◆ **To do**: Once the line holding "Kanceláře jsou navrženy" is found in the entries below, transcribe exactly every line up to and including the one holding "Reflect your love", but leave out the pictures.

======== Material provided

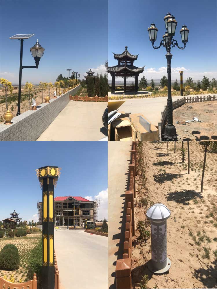 寧夏吳忠市同心縣景觀燈、庭院燈、草坪燈系列項目,是我公司與2018年5月完成的具有當地風格的特色燈具,我們提供給客戶的這批產品都是都是根據客戶的需求,安裝公司圖冊進行生產的,每款燈都有特色,全部安裝的是市電庭院燈、景觀燈、草坪燈。
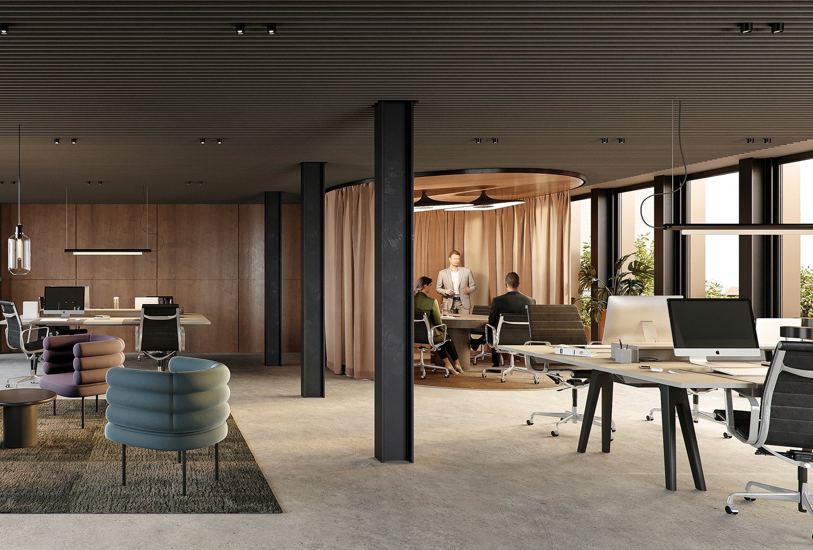 Kanceláře jsou navrženy s důrazem na flexibilitu – umožňují libovolné členění na uzavřené místnosti i otevřený open-space koncept. Každá jednotka disponuje vlastním sociálním zázemím, kuchyňkou a samostatnou serverovnou, což zajišťuje vysoký komfort při práci. V historické části budovy (2.–6. patro) jsou zachovány původní architektonické prvky, přičemž nenosné příčky lze snadno upravit dle individuálních požadavků nájemce. Vzniká tak inspirativní prostředí, které elegantně propojuje historickou atmosféru s nejmodernějšími prvky.
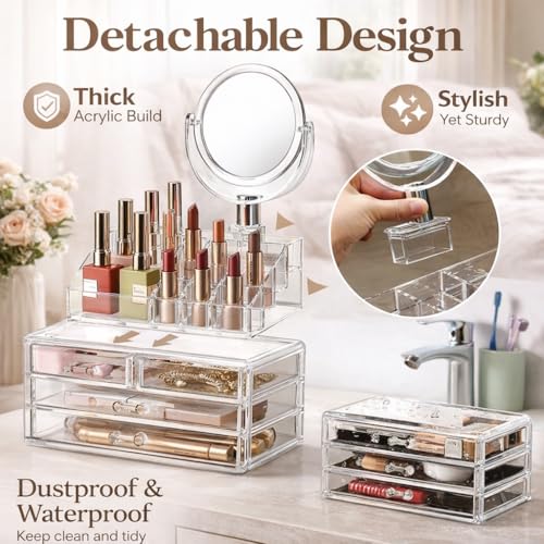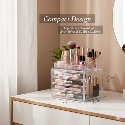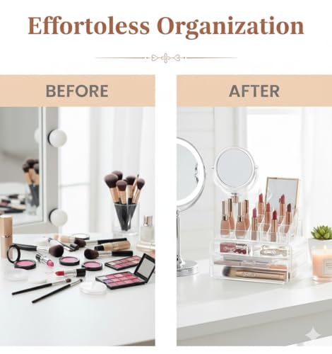 - 4️⃣ 📦 Space-Saving Vertical Layout Compact footprint with maximum capacity—perfect for small vanities, bedrooms, bathrooms, dorms & makeup stations.
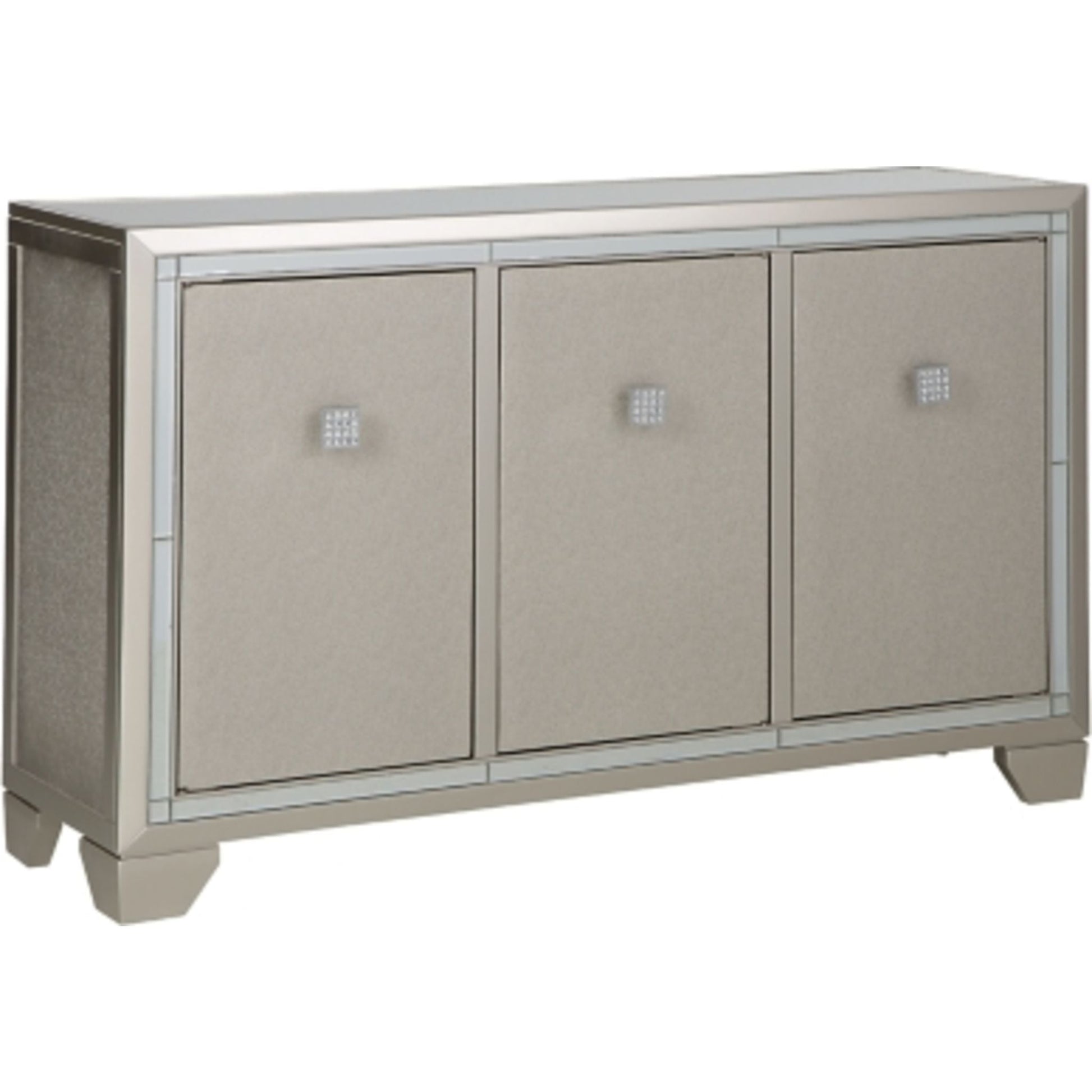 Reflect your love for contemporary style with this accent cabinet. It features a mirrored top and beveled mirror accents, adding both light and a touch of glam to your space. Decorated with faux crystal and chrome-tone pulls, the textured silvertone door fronts open to reveal adjustable shelving to meet all your storage needs.
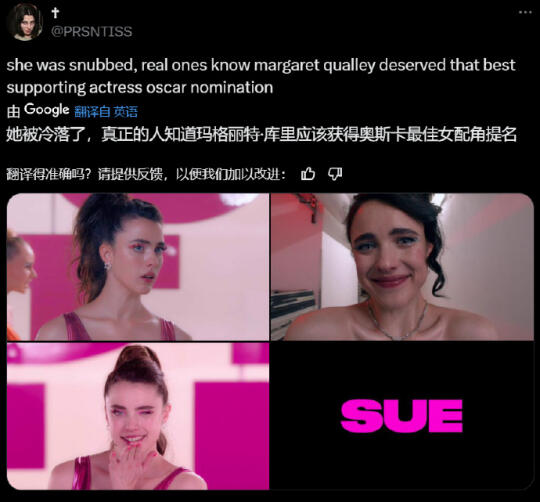 “Sue says thank you”,玛格丽特·库里未获得本届奥斯卡提名。 外网网友纷纷鸣不平,Sue好,奥斯卡坏[失望R] 电影 看电影 电影推荐 电影分享 某种物质 恐怖片 恐怖电影 演员 奥斯卡 好莱坞
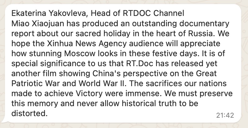 “今日俄罗斯”电视台在社交媒体Telegram平台推介纪录片俄文版。

================

◆ **Task result**:
 Kanceláře jsou navrženy s důrazem na flexibilitu – umožňují libovolné členění na uzavřené místnosti i otevřený open-space koncept. Každá jednotka disponuje vlastním sociálním zázemím, kuchyňkou a samostatnou serverovnou, což zajišťuje vysoký komfort při práci. V historické části budovy (2.–6. patro) jsou zachovány původní architektonické prvky, přičemž nenosné příčky lze snadno upravit dle individuálních požadavků nájemce. Vzniká tak inspirativní prostředí, které elegantně propojuje historickou atmosféru s nejmodernějšími prvky.
 - 4️⃣ 📦 Space-Saving Vertical Layout Compact footprint with maximum capacity—perfect for small vanities, bedrooms, bathrooms, dorms & makeup stations.
 Reflect your love for contemporary style with this accent cabinet. It features a mirrored top and beveled mirror accents, adding both light and a touch of glam to your space. Decorated with faux crystal and chrome-tone pulls, the textured silvertone door fronts open to reveal adjustable shelving to meet all your storage needs.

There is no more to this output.